Марина - Алла Драбкина 4 стр.


У женщины болезненное желтое лицо с глазами в форме треугольничков - такие остренькие, блестящие глазки.

- Сколько классов кончили? - спрашивает она.

- Десять.

- Слава богу, одним культурным человеком больше, а то тут все… Вот у той старухи семь классов, восьмой- коридор. Да и у начальницы не намного больше. А воображают…

Через полчаса я уже знаю, что у одной голос как иерихонская труба, что другая скрывает возраст, третья связалась с Сенькой Гудманом, а четвертая "и нашим и вашим за рубль пляшем".

Я чувствую, что здесь что–то не так, но не решаюсь намекнуть ей, что мне это неинтересно и вообще пока не нужно.

- Надька, брось языком трепать, - неизвестно откуда появляется Вера Аркадьевна. - А ты, Марина, ее не слушай…

- А я, между прочим, кроме как о деле ничего не сказала, - говорит Надька так, что даже я ей верю.

- Иди на свое место, - приказывает Вера Аркадьевна.

Бубня себе под нос, Надька пересаживается за свой стол.

Я раскрываю правила и начинаю читать, но тут раздается звонок на обед.

- Пойдем с нами? - надо мной стоит та самая рыженькая Валя, у которой Мишка.

- А можно?

- Чего ж нельзя, пошли… Валя долго вертится перед зеркалом, подводит глаза, покусывает губы и только потом направляется к выходу. За дверью нас ждут еще три девушки.

- А куда мы идем? - самым независимым тоном, на какой только способна, спрашиваю я.

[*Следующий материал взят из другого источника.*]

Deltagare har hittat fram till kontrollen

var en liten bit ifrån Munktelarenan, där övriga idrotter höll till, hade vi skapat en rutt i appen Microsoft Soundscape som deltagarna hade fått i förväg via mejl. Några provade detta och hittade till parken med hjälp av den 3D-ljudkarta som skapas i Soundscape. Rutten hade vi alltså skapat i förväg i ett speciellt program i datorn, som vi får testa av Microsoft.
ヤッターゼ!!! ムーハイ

- Куда? - девчонки хохочут. - В уборную… Руки мыть…

Мы спускаемся по одной лестнице, поднимаемся по другой, проходим через какой–то грохочущий цех и наконец оказываемся в уборной с таким огромным предбанником, что в нем можно устраивать танцы.

- А что, ближе нет? - спрашиваю я.

- Есть. Только там эти старые зануды вечно торчат, покурить не дают… Куришь?

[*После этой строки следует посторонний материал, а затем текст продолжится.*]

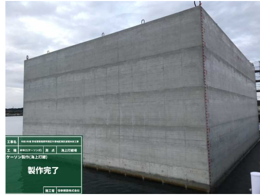
ケーソン製作完成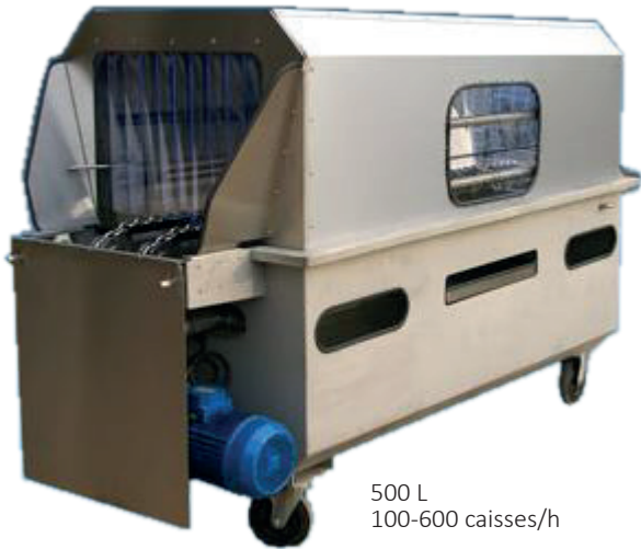
500 L 100-600 caisses/h

- Курю, - не моргнув глазом вру я. Валя с улыбочкой протягивает мне сигарету. Думает, закашляюсь. Я хоть и не курю, но пробовала, поэтому закуриваю абсолютно нормально.

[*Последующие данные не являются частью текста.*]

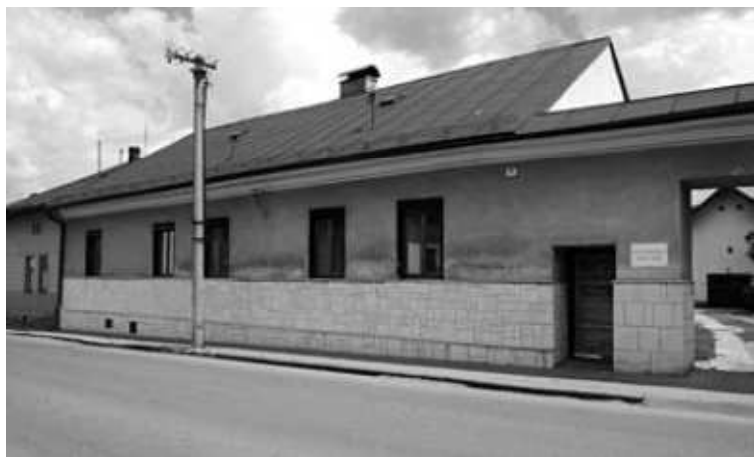
Rímskokatolícky farský úrad.

- Что тебе эта грымза говорила? - спрашивает девушка постарше, крашеная блондинка, ее называют Лилей.

- Да я толком и не поняла.

- Ты не слушай, - говорит Лиля. Я только начинаю объяснять ей, что я сразу увидела,

что за птица Надька, как уж вижу, что ей неинтересно, по крайней мере сейчас, потому что перекур в уборной тратится у них на другое. Это короткая информация о том, кто как провел вчерашний вечер. Говорит Лиля.

Она некрасивая. Вульгарно накрашена. Старше меня года на четыре (потом выясняется, что даже на семь). У нее длинное лицо, глаза навыкате, низкий таз и короткие ноги.

Лиля такая некрасивая, что вульгарная краска даже, пожалуй, уместна на ее лице, потому что подгоняет Лилю под общий стандарт.

Но у нее хороший голос. Низкий и теплый. Она хорошо и вкусно говорит. Над собой посмеивается, но, кажется, не позволяет этого другим.

- Ждала его до полдевятого, - говорит Лиля, - вымылась, глаза подвела, а он - тю–тю! Так и просидела весь вечер, как умная Маша с вымытой шеей.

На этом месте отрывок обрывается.